Start of Block

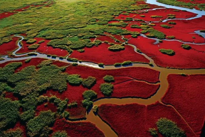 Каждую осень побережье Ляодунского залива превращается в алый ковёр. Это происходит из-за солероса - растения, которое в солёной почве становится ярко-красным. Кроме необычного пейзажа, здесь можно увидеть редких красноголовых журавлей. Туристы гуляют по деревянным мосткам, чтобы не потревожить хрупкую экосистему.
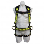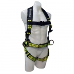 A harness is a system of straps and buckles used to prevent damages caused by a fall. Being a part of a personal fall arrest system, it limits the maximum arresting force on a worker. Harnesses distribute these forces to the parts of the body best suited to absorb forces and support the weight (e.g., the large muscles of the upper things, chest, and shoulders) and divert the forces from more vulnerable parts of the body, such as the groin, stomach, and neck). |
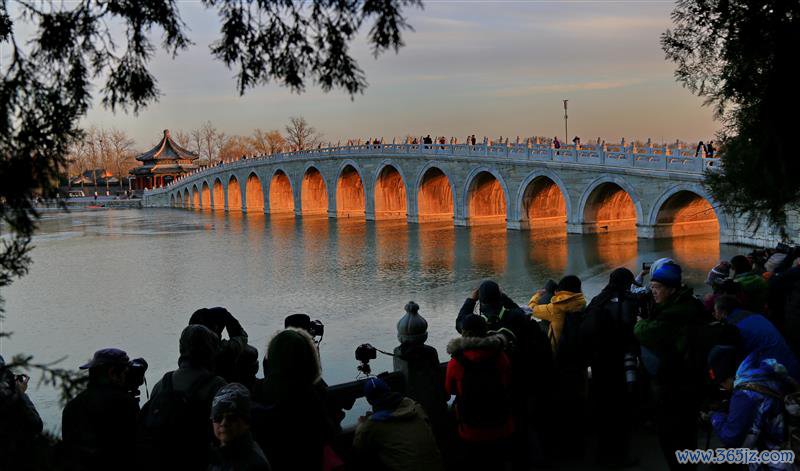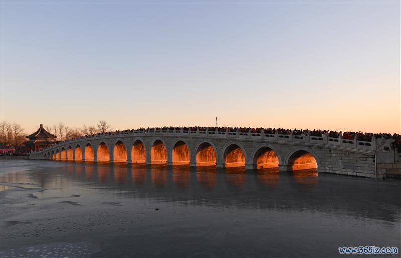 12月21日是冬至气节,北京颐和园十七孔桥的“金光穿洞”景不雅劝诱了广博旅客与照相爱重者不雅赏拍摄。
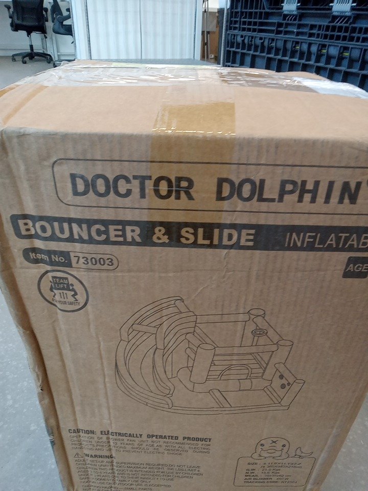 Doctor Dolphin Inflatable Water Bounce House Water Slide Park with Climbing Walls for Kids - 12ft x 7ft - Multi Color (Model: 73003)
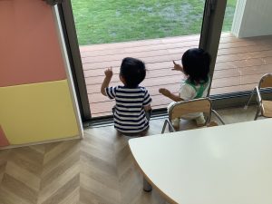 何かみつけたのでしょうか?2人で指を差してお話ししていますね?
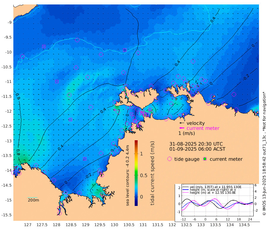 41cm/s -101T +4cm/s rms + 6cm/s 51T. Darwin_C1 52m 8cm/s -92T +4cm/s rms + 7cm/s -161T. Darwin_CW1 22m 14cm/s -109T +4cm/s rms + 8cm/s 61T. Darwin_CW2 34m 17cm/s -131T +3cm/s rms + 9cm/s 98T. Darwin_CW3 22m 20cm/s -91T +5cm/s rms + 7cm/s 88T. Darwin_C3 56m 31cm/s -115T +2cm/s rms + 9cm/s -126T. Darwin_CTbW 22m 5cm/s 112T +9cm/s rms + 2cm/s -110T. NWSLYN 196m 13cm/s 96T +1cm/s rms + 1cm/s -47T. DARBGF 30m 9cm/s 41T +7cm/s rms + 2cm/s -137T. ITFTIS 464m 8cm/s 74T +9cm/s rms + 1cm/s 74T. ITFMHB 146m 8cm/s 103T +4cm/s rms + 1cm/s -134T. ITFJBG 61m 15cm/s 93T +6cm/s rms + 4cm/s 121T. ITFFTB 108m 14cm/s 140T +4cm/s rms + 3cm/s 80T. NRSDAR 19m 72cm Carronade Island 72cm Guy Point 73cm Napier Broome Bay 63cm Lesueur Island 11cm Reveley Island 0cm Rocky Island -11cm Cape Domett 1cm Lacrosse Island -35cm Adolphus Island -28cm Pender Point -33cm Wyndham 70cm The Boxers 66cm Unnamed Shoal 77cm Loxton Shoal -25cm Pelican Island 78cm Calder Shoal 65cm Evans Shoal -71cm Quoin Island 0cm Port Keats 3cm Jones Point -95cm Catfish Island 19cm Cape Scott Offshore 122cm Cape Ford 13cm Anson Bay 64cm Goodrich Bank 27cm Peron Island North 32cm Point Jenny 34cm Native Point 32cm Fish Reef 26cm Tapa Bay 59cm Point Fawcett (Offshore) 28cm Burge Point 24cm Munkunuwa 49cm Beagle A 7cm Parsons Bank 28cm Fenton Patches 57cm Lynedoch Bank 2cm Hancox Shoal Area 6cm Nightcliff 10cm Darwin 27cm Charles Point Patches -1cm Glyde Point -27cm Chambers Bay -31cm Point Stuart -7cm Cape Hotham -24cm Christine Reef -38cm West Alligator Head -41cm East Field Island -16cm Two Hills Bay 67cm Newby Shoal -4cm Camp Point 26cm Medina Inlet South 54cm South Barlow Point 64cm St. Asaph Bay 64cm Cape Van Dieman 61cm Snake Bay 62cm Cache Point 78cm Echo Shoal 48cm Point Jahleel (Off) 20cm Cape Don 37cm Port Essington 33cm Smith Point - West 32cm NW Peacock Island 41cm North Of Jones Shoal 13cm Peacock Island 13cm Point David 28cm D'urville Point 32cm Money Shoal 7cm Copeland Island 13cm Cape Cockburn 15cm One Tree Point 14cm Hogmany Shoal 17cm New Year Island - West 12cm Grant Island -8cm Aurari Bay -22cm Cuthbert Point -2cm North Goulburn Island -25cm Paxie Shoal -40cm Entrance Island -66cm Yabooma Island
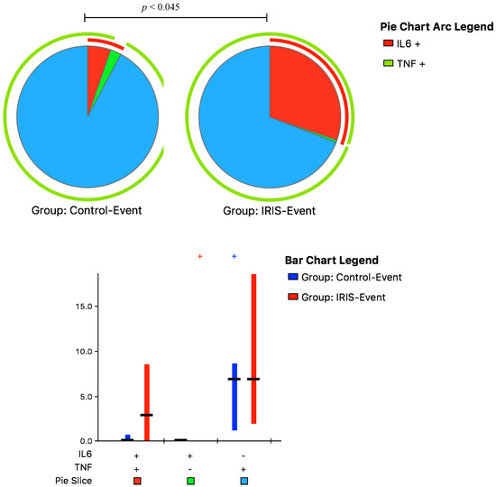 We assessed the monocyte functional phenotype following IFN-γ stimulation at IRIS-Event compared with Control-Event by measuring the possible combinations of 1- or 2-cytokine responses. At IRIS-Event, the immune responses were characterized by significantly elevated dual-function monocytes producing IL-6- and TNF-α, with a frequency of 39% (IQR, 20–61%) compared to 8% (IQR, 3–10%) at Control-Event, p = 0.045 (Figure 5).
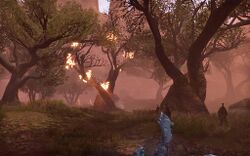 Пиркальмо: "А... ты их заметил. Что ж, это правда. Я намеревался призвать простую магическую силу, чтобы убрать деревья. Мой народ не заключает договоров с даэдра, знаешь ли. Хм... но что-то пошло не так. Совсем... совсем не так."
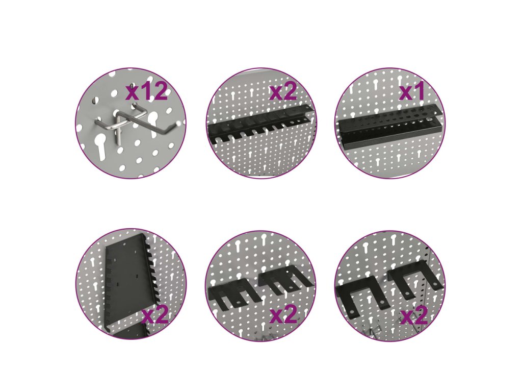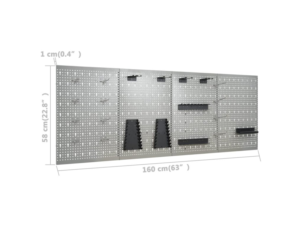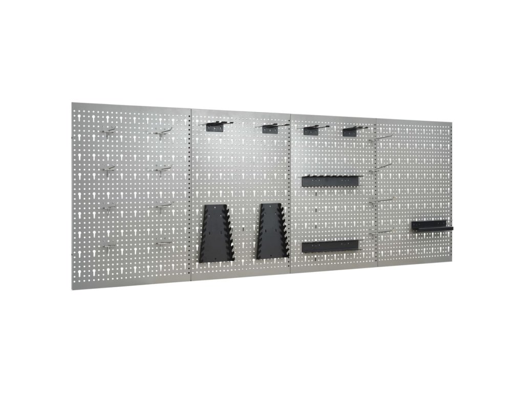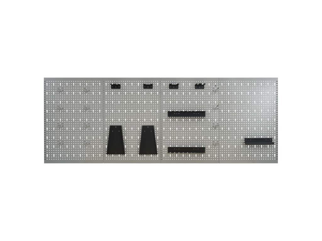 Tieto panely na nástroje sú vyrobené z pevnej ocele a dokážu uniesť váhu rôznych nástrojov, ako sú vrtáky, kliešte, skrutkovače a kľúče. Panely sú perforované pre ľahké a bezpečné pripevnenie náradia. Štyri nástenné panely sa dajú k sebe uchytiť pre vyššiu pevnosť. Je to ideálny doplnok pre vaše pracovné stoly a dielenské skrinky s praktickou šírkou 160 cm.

End of Block
Start of Block

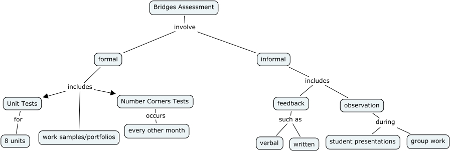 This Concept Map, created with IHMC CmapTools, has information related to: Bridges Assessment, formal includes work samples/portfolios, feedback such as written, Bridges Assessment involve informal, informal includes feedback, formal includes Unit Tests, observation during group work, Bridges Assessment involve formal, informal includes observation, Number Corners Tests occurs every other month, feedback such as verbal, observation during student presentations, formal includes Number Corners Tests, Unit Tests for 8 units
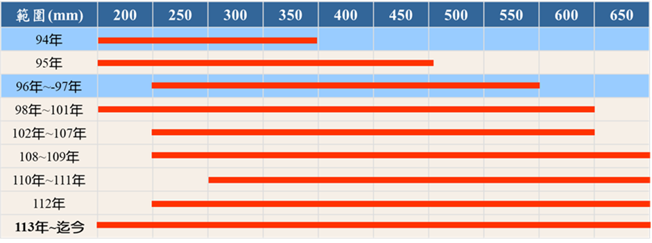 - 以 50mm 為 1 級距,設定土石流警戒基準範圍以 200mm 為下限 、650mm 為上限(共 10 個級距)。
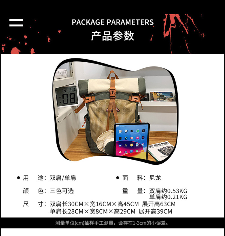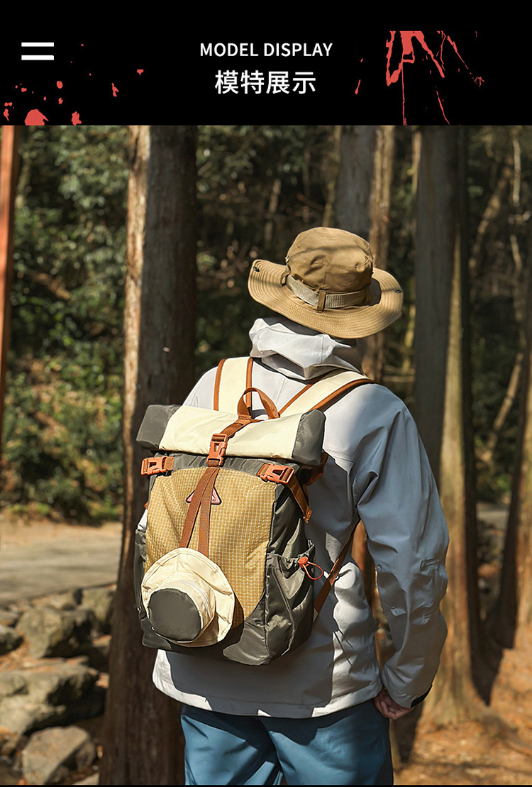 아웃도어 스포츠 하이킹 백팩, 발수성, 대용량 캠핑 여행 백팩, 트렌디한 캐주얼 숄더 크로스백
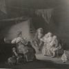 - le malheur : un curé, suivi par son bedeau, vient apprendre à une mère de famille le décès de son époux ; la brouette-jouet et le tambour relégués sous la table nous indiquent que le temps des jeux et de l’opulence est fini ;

End of Block

_EXERCISE_: Output exactly the lines of the listing above that start with the one holding "12月21日是冬至气节,北京" and go on through the one holding "何かみつけたのでしょうか?2人で指を差してお話ししていますね?"; leave the pictures out.

_TASK OUTPUT_:
 12月21日是冬至气节,北京颐和园十七孔桥的“金光穿洞”景不雅劝诱了广博旅客与照相爱重者不雅赏拍摄。
 Doctor Dolphin Inflatable Water Bounce House Water Slide Park with Climbing Walls for Kids - 12ft x 7ft - Multi Color (Model: 73003)
 何かみつけたのでしょうか?2人で指を差してお話ししていますね?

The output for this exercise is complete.